I’m sure there will be challenges to come in the future where this is concerned. Hurt people hurt people, after all. Hopefully I’ll continue on my path of least resistance, though, and be emotionally armed for whatever life brings.

Count Your Blessings

Tuesday, November 11th, 2008

My mom used to say this to me all the time when I was growing up. “Count your blessings. You don’t realize how fortunate you are. There are starving children in Africa.”

Of course, these sentiments fell deaf on the ears of an ignorant, indulged middle-class white American girl. I honestly thought quite the opposite was true; I had to be one of the most unfortunate people in the world, didn’t I? I mean, my parents were strict and at times physically abusive, we didn’t have a lot of spare change lying around and I had to wear non-name-brand clothing a lot (gasp!). How could anyone have possibly had it worse than me? Okay. Maybe a few people could have possibly had it worse than me. But, not many – trust me!

My, how times and perspectives have changed. Today I count my blessings on a regular basis, and I still don’t think I’m grateful enough. I do frequently question the good fortune of my life, though. How is it that I was not only lucky enough to be born in America – arguably one of the greatest nations in the world – but also, born to parents who loved me unconditionally (albeit in their twisted way at times), born in modern times where I don’t have to worry about when my next bath will be, being persecuted for being a woman, or dying from the whooping cough? I’ve also never experienced racism or bigotry directed at me to a large extent because the color of my skin is white. About the only way I could have been more blessed is if I was born a male to an affluent family.

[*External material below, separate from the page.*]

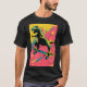 A green T-Rex shreds across a splattered yellow-pink backdrop, rendered with stencil-like strokes. Urban energy and bold contrast make this a standout street-art design.
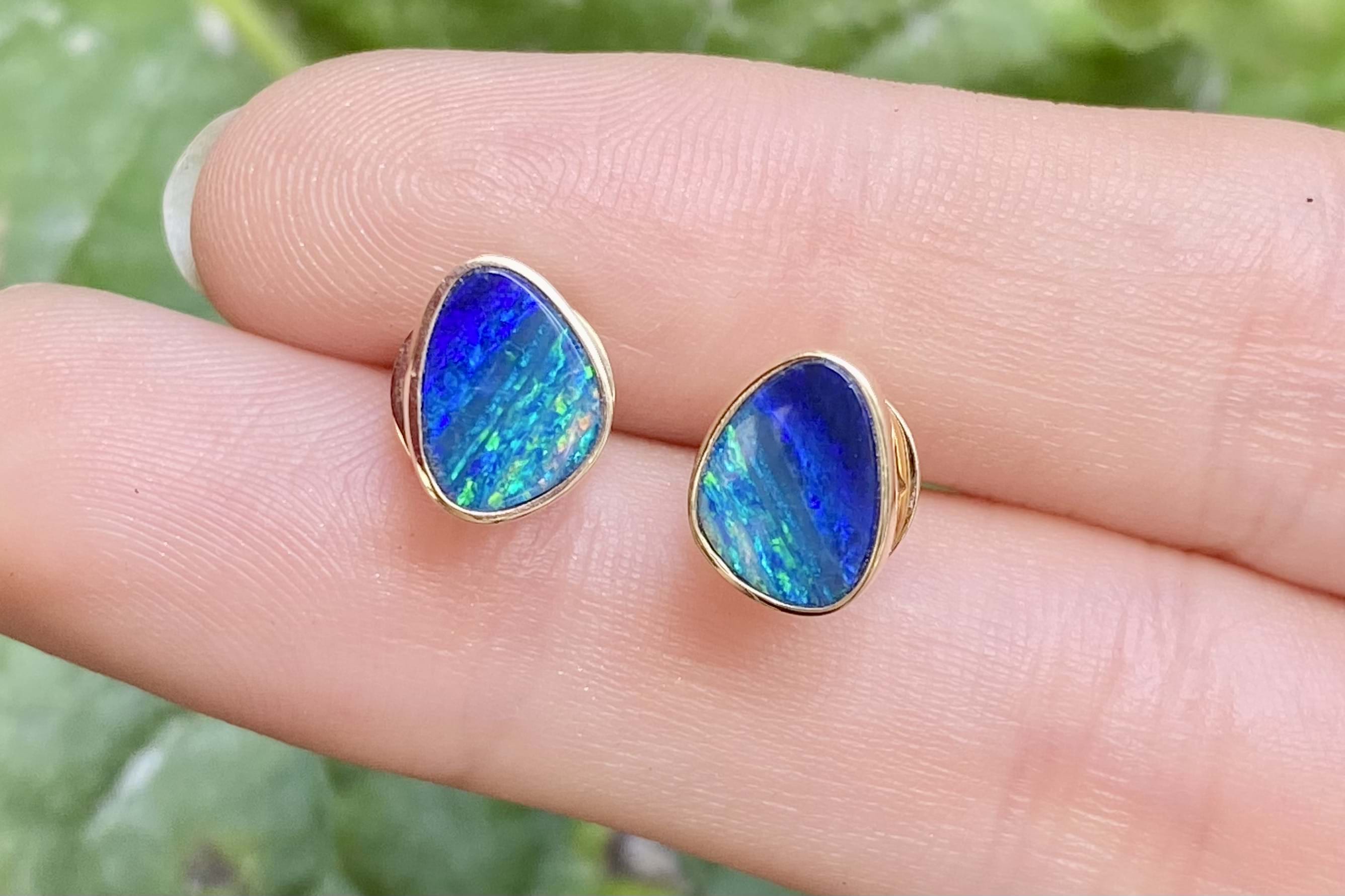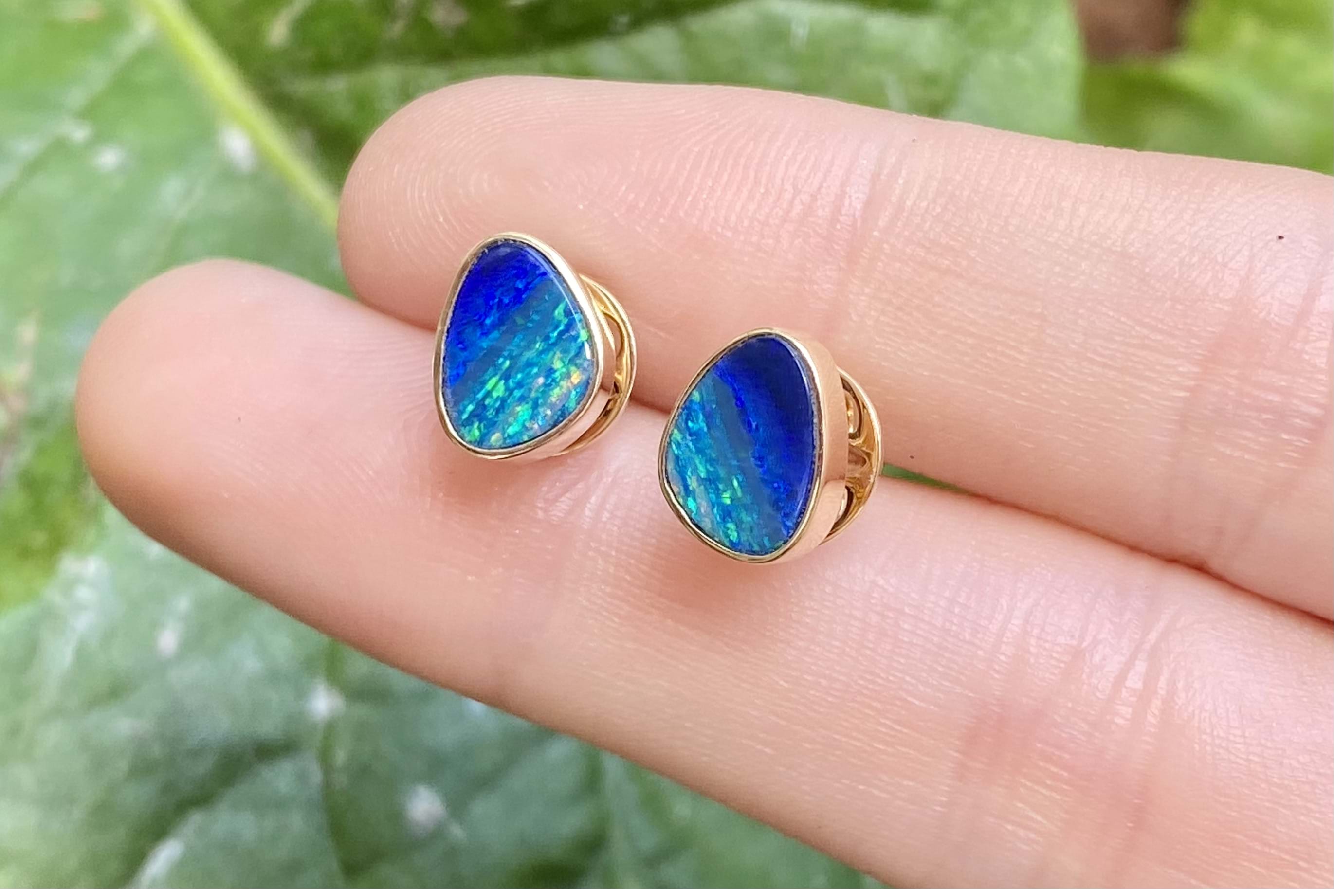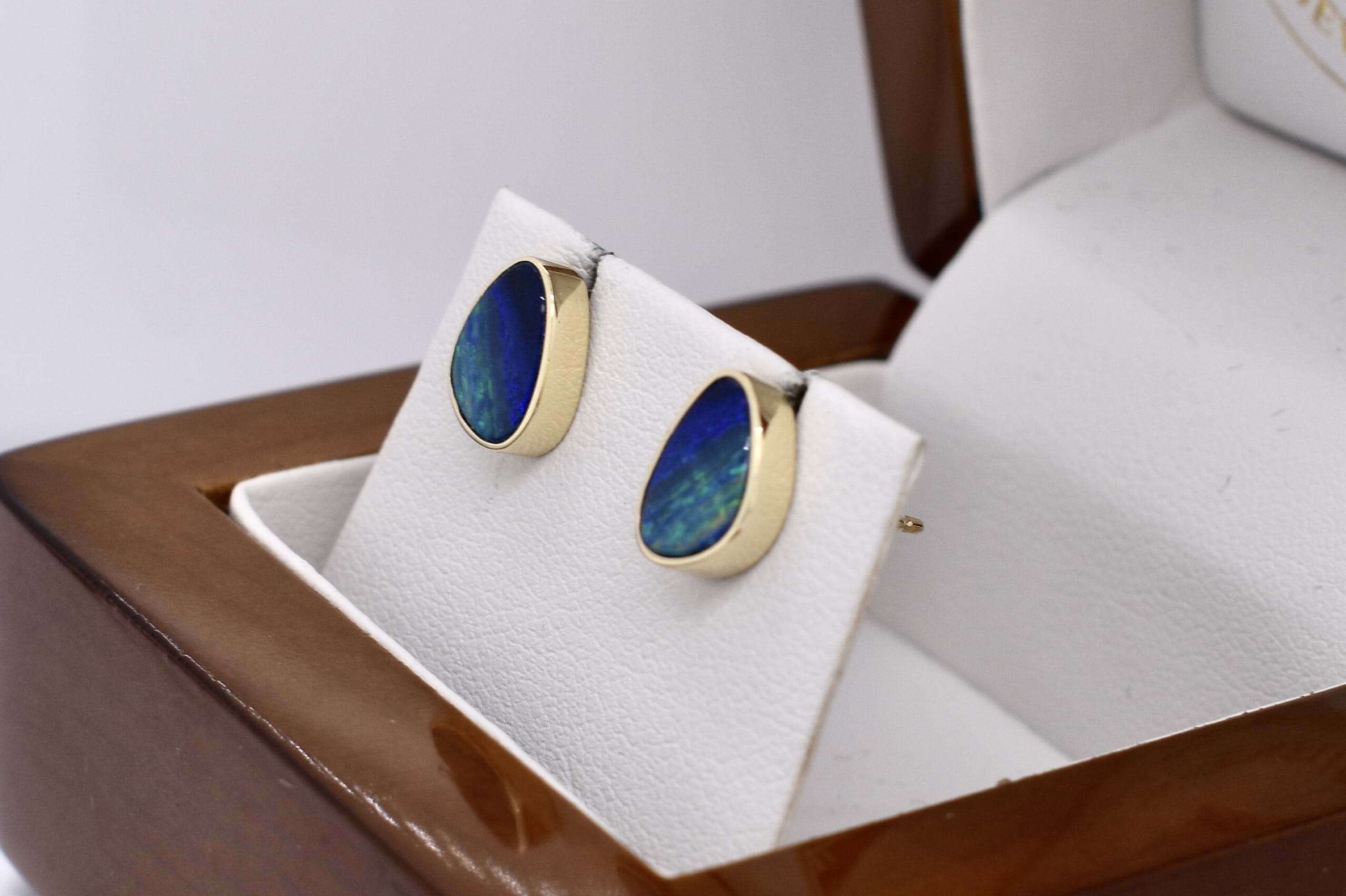 Simple and pretty pair of studs crafted in 9ct yellow gold, with two dark Coober Pedy opal doublets with flashes of green, yellow and blue throughout. The doublet consisting of Coober Pedy opal (on top) with a boulder opal backing. Studs measuring approx. 9.2x7.4mm and are bezel set. Completed with post and butterfly fittings.

Not that I consider the opposite sex better than my own, but being a female does mean I’m a minority and there are some drawbacks associated with it.

I think about the people in other nations – the women especially – who are suffering atrocities every single day: female genital mutilation, repeated rape, forced prostitution, arranged marriage, starvation – the list goes on. I could have very easily been born to a lifetime of such horror. But I wasn’t. And I need to recognize that fact on a regular basis, lest I find myself reverting to the thought processes I had as a child.

Yesterday we were given some startling and troubling news at work. The company is looking at cutting costs in a number of ways, some of which could have a negative financial impact on some employees. I understand this sucks. The whole damn economy in the US sucks right now. We’re living in precarious and unsettling times. Yet, we still remain fortunate, in my opinion.

The news yesterday was an announcement of some upcoming changes that will definitely be happening, as well as some changes they are only thinking about implementing. The company has a policy of being open with their employees, and I appreciate that, probably more than most given my history. You see, I worked for another company for 8 years whose policies resembled nothing of openness and candor. Everything was clandestine and hush-hush. If there were going to be layoffs, you heard about them as you were being escorted out the door, and those left behind were given shoddy explanations. This is why, even though the news yesterday wasn’t great, I’m still grateful. I appreciate the advance notice and the respect given to the employees here. As an employee, it increases my loyalty and faith in the company itself.

Not everyone has the benefit of walking in each others’ shoes, though, and I’m seeing evidence of that today. There’s a lot of bitterness and complaining going around. My viewpoint seems to be in the minority. I want to preach to certain people the same way my mom did to me as a young child. “You don’t know how good you have it. Count your blessings.” I won’t do that. But, it’s a good thing I have a blog. ;-)

Now go count your blessings. (And thank a veteran!)